What appears to be one mechanism by which stress causes harm to the brain is that when it occurs combined with inactivity. The fight or flight stress reaction was very useful in paleolithic or caveman times when the fight or flight reaction, helped you fight that sabre toothed tiger, or, preferably run away from it (even if the  stress reaction could not help you run faster than the tiger it improved your chance of survival if it helped you run faster than the other caveman who was with you when the meeting with the tiger occurred) However the stress reaction when we are inactive, on the phone to a difficult client or being criticised by your manager when stuck at  your desk, leads not to fight or flight but to inflammation of the tissue of the brain and other tissues too.
 
We also know that adverse stress affects sleep and poor sleep patterns are often the result.   Experts associate a lack of sleep with an altered hormone balance that can affect food intake and weight. A lack of sleep also increases your risk of obesity. Being obese can increase your risk of developing type 2 diabetes, a condition where dementia is much commoner.  
 
 There are thus very many reasons why adverse stress is not good for us and we need to manage levels of stress to ensure we manage the risks of dementia better. 
 
Am I on the right track in managing stress?

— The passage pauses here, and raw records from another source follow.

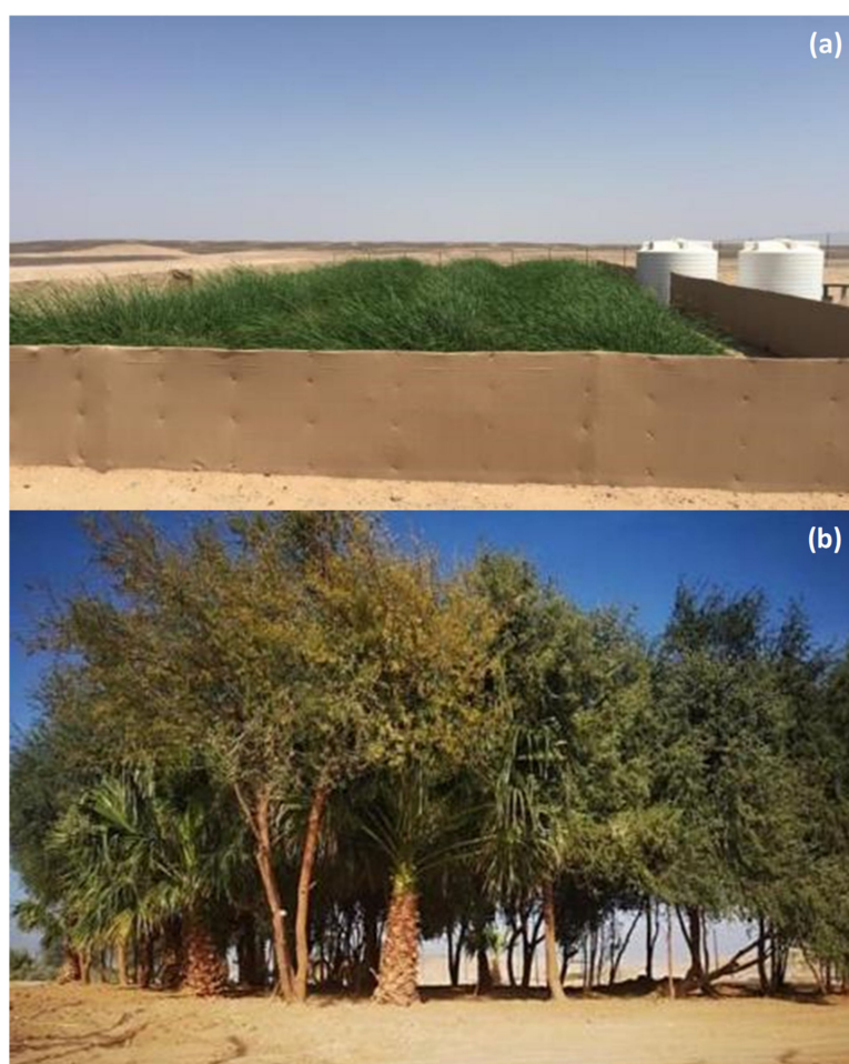
Figure 2. (a) A French Constructed Wetland in the desert of Oman consisting of two stages with VF beds and (b) the irrigation field for treated effluent reuse ([52]).

Such a CW facility has been designed and constructed in Oman (Bauer Nimr LLC, Muscat) for the treatment of wastewater from workers' camps of oil production facilities in a desert environment (Figure 2; [51,52]). Most of the wastewater volume is transported to the wetland facility via vacuum tanker trucks and offloaded directly into discharge pits. This wetland system is designed to treat 120 m 3 /d generated by 600 PE [51]. The first stage of three parallel VFCW beds operates with an alternating cycle, i.e., two days of feeding followed by six days of resting, while the second stage has two parallel VFCW beds. The net treatment area of the CW beds is 1340 m 2 (Figure 2a). All beds are filled with gravel and planted with native plant species (i.e., Phragmites australis (Cav.) Trin. ex Steud., Typha domingensis Pers. and Schoenoplectus litoralis (Schrad.) Palla) [51,52]. It is important to note that this area faces every year sand storms that result in the dust/sand deposition on the surface of the gravel layer. One practical and easy way to control this phenomenon is the installation of a textile fence (Figure 2a).
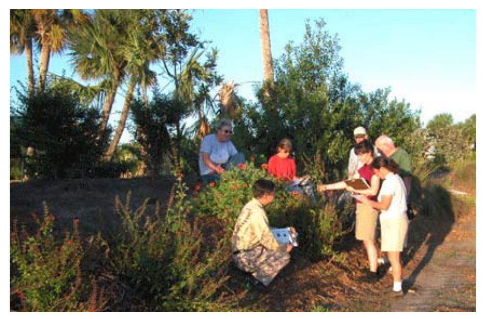
Fig. 1. Undergraduate students taking a plant identification quiz for Florida Native Landscaping (ORH 3815C), Indian River Research and Education Center, University of Florida, Fort Pierce, FL, USA.
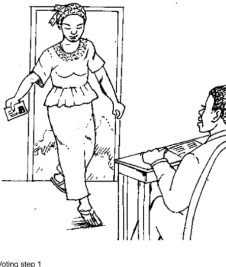
Ref. Voting step 1

Note: If the person does not have a valid identification card receipt to identify him/herself, the official will politely ask the voter to go and collect one.
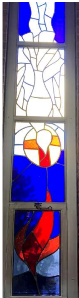
Stained Glass Window depicting the Sacrament of Confirmation— Holy Spirit (Dove), Flames
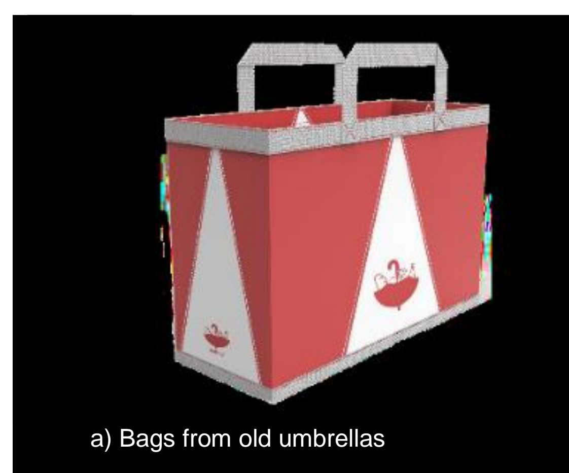
a) Bags from old umbrellas
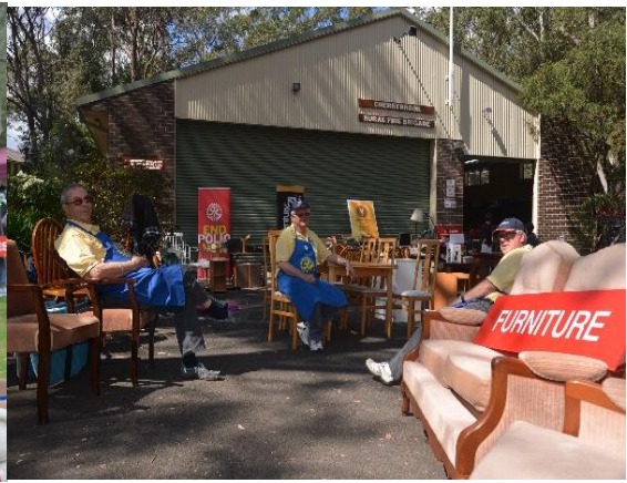
Hard working furniture salesmen!
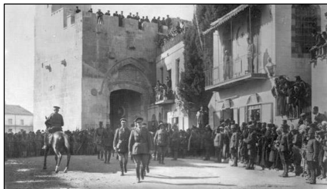
General Allenby entering Jerusalem - archive picture

trenches. With Beersheba secured, the EEF commenced the Third Battle of Gaza, which was taken by 7 th November, aided by a strategic withdrawal by the Turks. With Gaza taken, the road to Jerusalem lay before them but, although knocked back, the Turks fought fiercely as they withdrew. In pursuit, Allenby's men moved in two directions. One thrust pushed along the coast towards Jaffa which was taken on 16 th November. Another was directed inland at Jerusalem. Acutely conscious of the need to avoid bringing Jerusalem under fire, Allenby planned to encircle the city and cut off the Turkish garrison. The first attempt to do this at the end of November failed. But Allenby repositioned his troops and on the night of 7 th December he struck again. Believing that the withdrawal of their forward positions was the start of a general retreat, the Turks moved out of the city and relinquished Jerusalem with little resistance. After the final capture of the Mount of Olives, the city fell. Conscious of the city's special meaning for three of the world's great religions, in a deliberate act of humility and respect Allenby entered Jerusalem on foot through the Jaffa Gate on 11 th December.

Managing adverse stress is something we all do. We tend to do this as a matter of course all the time but sometimes the levels of stress become chronic and then we need to manage this differently. There are many techniques to better manage stress, ranging from audio and video guides, apps and guides and other tools, which can be just as easy to put into practice.
 
However, there are certain even more simple steps which everyone should adopt as a matter of course.   These are:

  • Start to think more about time management. Split your day into chunks and take regular breaks and take a lunch break with a brisk walk to ensure you get a change of scene.  
  • Make lists of what you need to do and prioritise them in order of importance. Work out your goals and focus on the results you wish to get to.   

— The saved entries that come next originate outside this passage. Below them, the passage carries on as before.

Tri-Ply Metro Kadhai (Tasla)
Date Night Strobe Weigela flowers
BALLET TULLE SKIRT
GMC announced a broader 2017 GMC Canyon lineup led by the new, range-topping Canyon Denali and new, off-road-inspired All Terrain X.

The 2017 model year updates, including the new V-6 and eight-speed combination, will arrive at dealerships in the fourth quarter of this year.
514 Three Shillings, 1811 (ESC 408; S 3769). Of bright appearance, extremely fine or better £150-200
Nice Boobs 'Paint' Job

  • Take regular exercise because the fitter you feel physically, the better you are able to function intellectually. Choose to use a bus stop a little further from your work and try to ensure you walk more often.  It also helps you socialize and feel part of the wider world.  
  • Some people find breathing exercises really helpful.  NHS Choices has many breathing exercises on line and it is easy to find and use these.  
 
There are also very many mindfulness and resilience aids which are available and these will also help.  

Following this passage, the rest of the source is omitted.